I was in 7th grade,crazy time, home in Marblehead listening to the scanner, 90mph winds and 40' seas .
The tanker Global Hope on the rocks/grounded about 150 yards off shore in Salem sound, listening to the Can Do,( a pilot boat that headed out to help the Coast Guard after their boat lost radar and the Tanker) disappear from the scanner loosing all on board. 
The "Can Do" wreckage ended up about 50' off the Marblehead neck,crew members encased in ice on the town beach.Had the double whammy of the coastal storm and the snow....
Mom was an RN at Salem Children's Hospital and the National Guard would pick her up and drop her off from work.
The local police asked anyone with snowmobiles to report to the station and they used them for patrols ,calls, safety checks etc...I remember seeing the police on Ski doo Nordics and Mercury sleds running around town....


----------



## basher (Nov 13, 2004)

I spent a portion of it welding on a old Case Construction King that hit a concrete light pole base and broke a driver's side lift arm, normal for that tractor. I think it had something to do with the extra lift ram they use to have.) Had to fix it in the hospital parking lot where it broke. Had more trouble getting to the tractor then fixing it. Working under a old beach umbrella to keep the snow off the man and the work. Its hard to weld with snow coming in the back of the welding helmet. Fogging is enough of an issue in those conditions. So I guess I was just doing normal storm plow repair.


----------



## plowcrack (Dec 18, 2009)

We just had the 45th anneversary of the storm of 67. I wasn't around then but have pictures of my older brothers climbing drifts and standing on top of the house/garage. They had some great stories!


----------



## grandview (Oct 9, 2005)

Buffalo was 35 yrs ago.


----------



## plowguy43 (Jan 2, 2008)

I wasn't even an itch in my dad's pants for another 4 years....


----------



## TPC Services (Dec 15, 2005)

was 5 years old then, but ours was in 73' the year an the same month I was born I cam home the day of it.


----------



## Oshkosh (Sep 11, 2005)

In the Boston area the Blizzard was really a two part event with us having something like 37" of snow in January followed up a week later by a 27" storm, just shut the area down.The 90mph wind along with the snow was to much to deal with...
Found this photo online, Rt495 in Mass, a couple of B Model Macks and looks like a Ford opening up the highway...


----------



## RepoMan1968 (Jan 9, 2012)

lawn king;1441204 said:


> Blizzard of 1978. Once in a lifetime storm (so far). Where were you?

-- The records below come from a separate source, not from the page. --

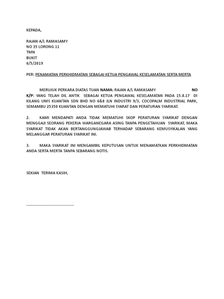 Surat ini mengesahkan pemecatan anda dari Syarikat Ernesto kerana prestasi buruk berkuat kuasa serta-merta. Syarikat dengan ini menasihatkan anda supaya mematuhi peraturan masa tiba ke. Contoh surat tunjuk sebab majikan dan pekerja contoh resume terkini undang undang buruh.
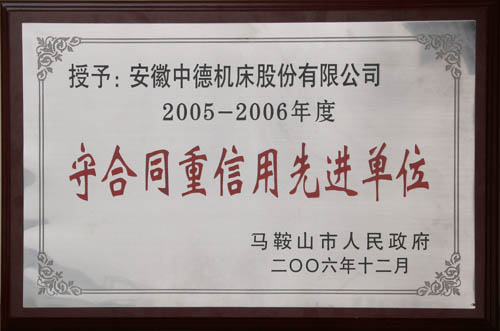 我公司成為馬鞍山市合同信用協會成立大會的理事單位,同時被市政府授予馬鞍山市2005-2006年度守合同重信用先進單位稱號。
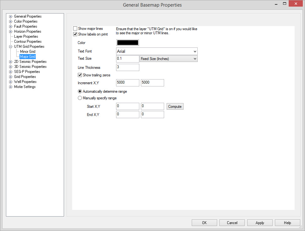 The UTM Major Grid page allows you to define a grid lines using map unit
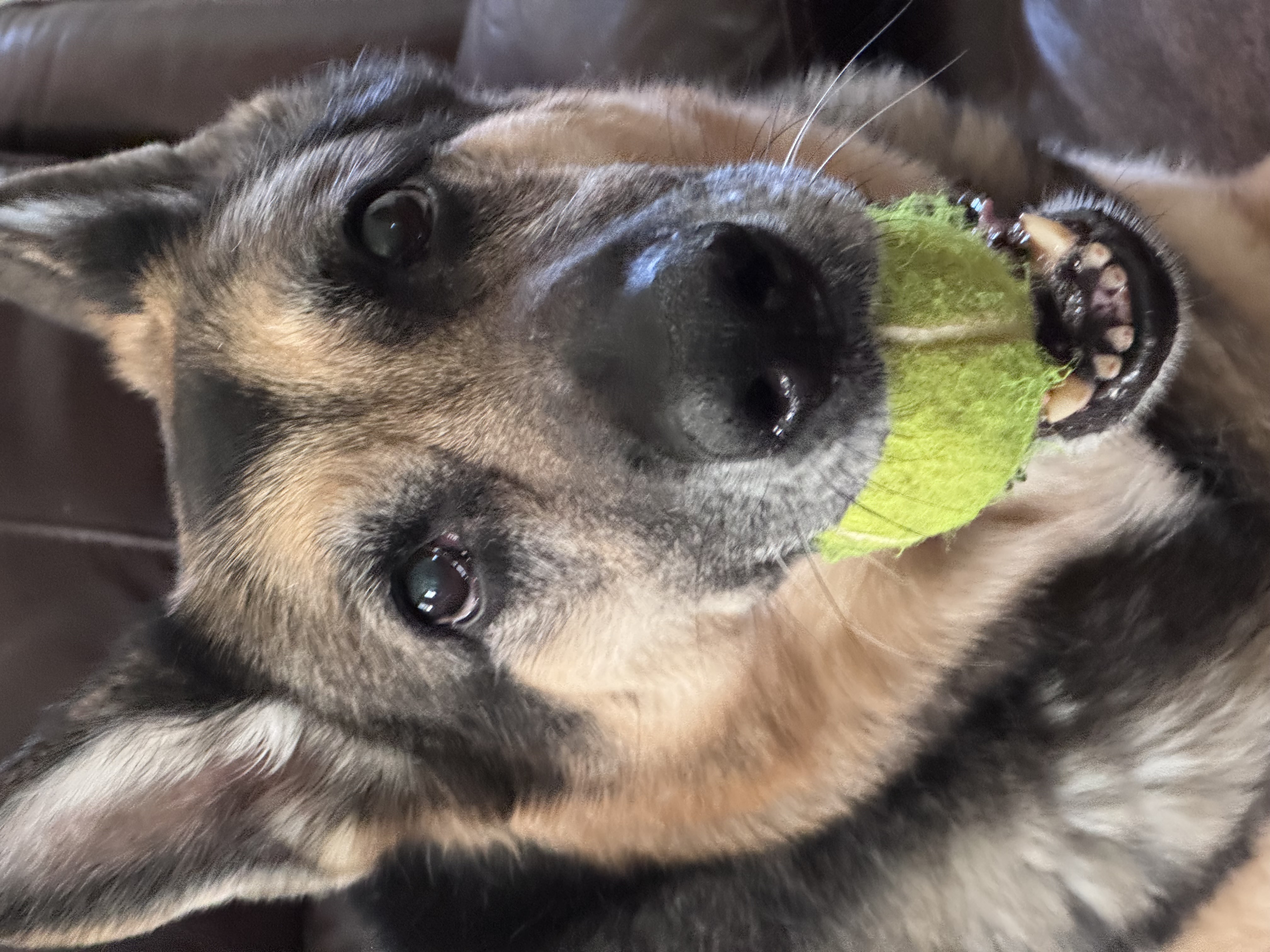 Had a lunch date with the beautiful Nova today. When I arrived, she gave me a complete sniff-spection, but then she realized we had met before. So we took a little stroll outside, 🐾 did some business, and then we returned inside for a snack and some playtime with her favorite tennis ball. 🎾
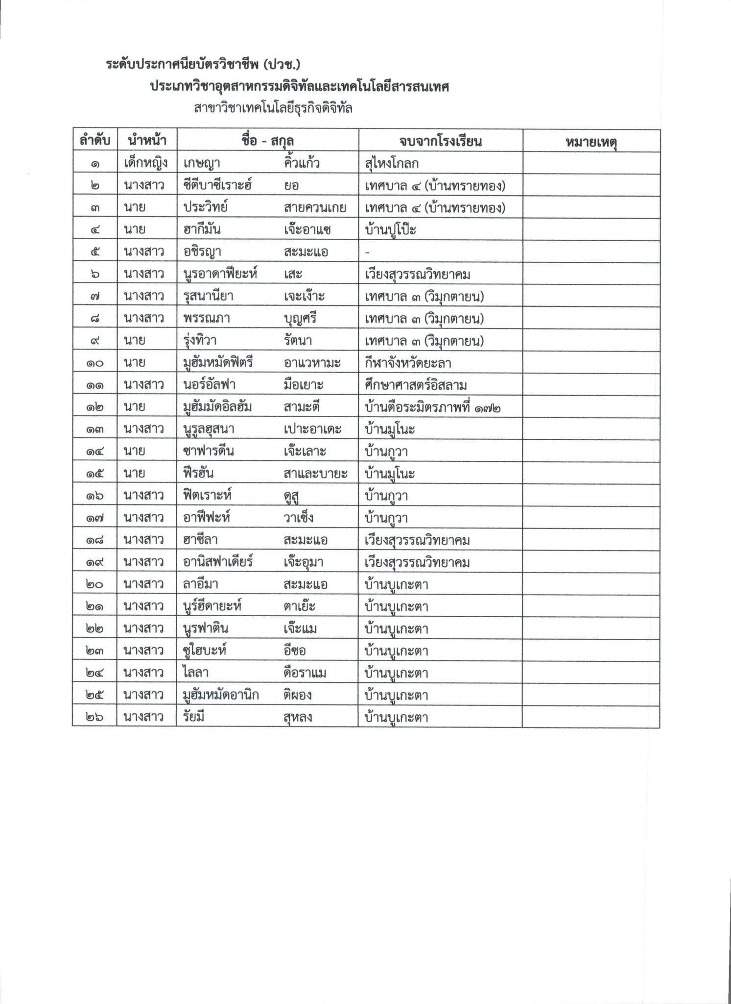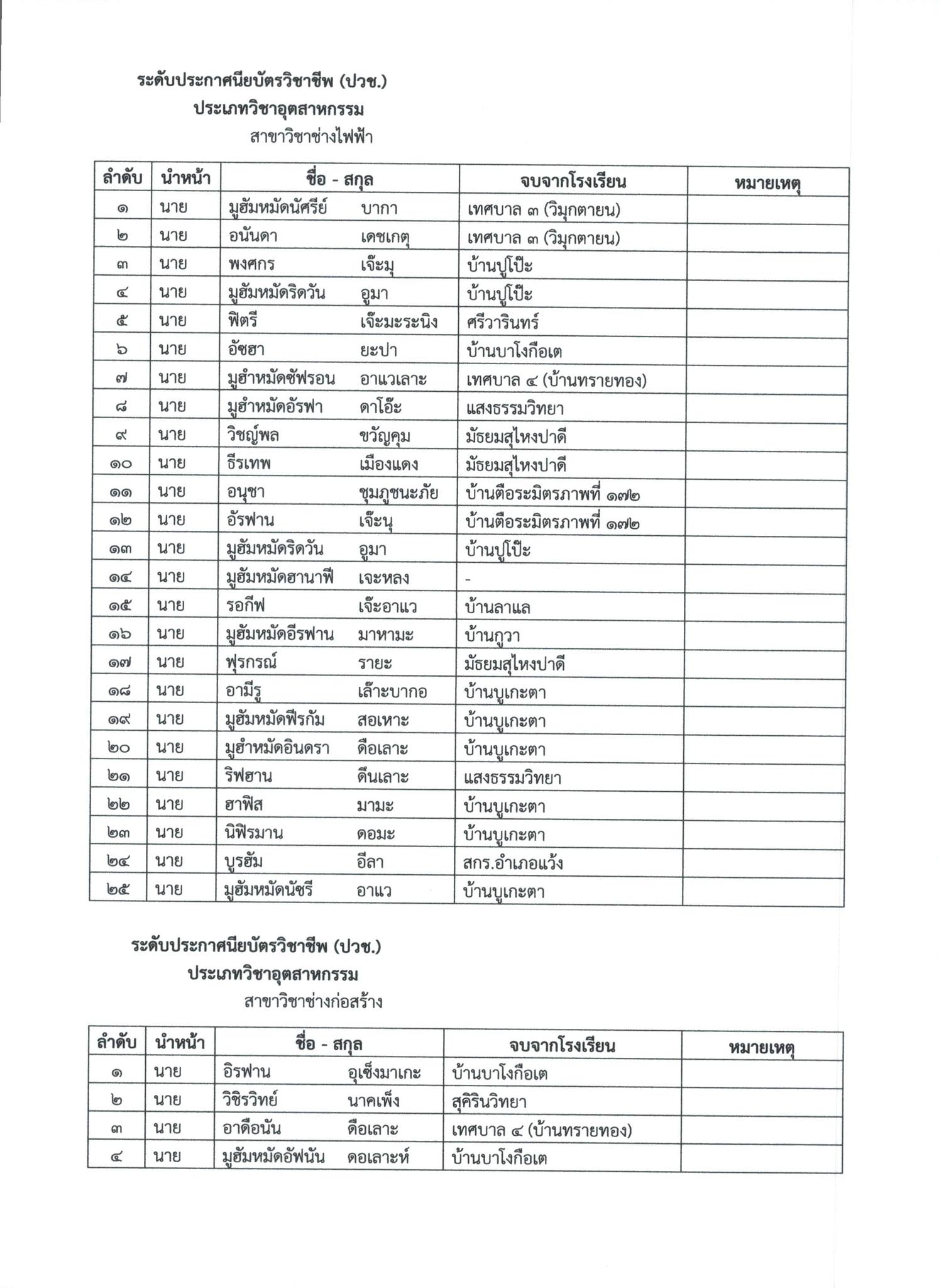 ประกาศวิทยาลัยการอาชีพสุไหงโก-ลก

THE blizzard of the century here was 1996 . 33'' with 4' drifts


----------



## adamhumberview (Dec 27, 2009)

i was still swimmin' around my dads bag..


----------



## RepoMan1968 (Jan 9, 2012)

payup


adamhumberview;1441496 said:


> i was still swimmin' around my dads bag..


i was swimmin inpayup


----------



## albhb3 (Dec 18, 2007)

**** 34 years ago today my dad was 12 years old good job dating yourself


----------



## USMCMP5811 (Aug 31, 2008)

4 years old at the time. Remember my dad going out every hour plowing our street so he could go and plow the dealership lot he worked for. he finally went to bed about 1am and got up around 5 am. It was too late by then. Brand new Dodge Snow commander stuck in the driveway for the next week until the town could get a front end loader to open up our street.


----------



## grandview (Oct 9, 2005)

From that Blizzard of 77 ,you know we had a baby boom that Nov!


----------



## gotsnow? (Mar 28, 2007)

i wasnt even a twinkle in my fathers eye......


----------



## quigleysiding (Oct 3, 2009)

I was 17. Lived with my girl friend in a trailer park. We all got together and shoveled the place out. I don"t know why. The roads weren't plowed . Nothing was open . There was no place to go. Good times.


----------



## pldann86 (Nov 13, 2008)

Had a full week of school off,as somebody said earlier we had a good one in Jan,about 17'' than this hit
It was my first real money shoveling snow it never seemed to stop....I think we could use one right now 
to make up for this winter.


----------



## show-n-go (Feb 5, 2009)

I was born Jan 2 1978.... I wish it would snow like that again..


----------



## golden arches (Oct 30, 2003)

*77 & 78 January Blizzards*

Ah, I remember those storms well and could tell you the same story for each year and be accurate. Had a brand new 77 Chevy 3/4. It had a 450, with dual 4 barrels. Ran like a monster. Had factory dual fuel tanks - fortunately, with two 50 gal auxiliary tanks in the bed. The truck was paid for at the end of the first year and wore out at the end of the second. Three sets of chains were worn out too.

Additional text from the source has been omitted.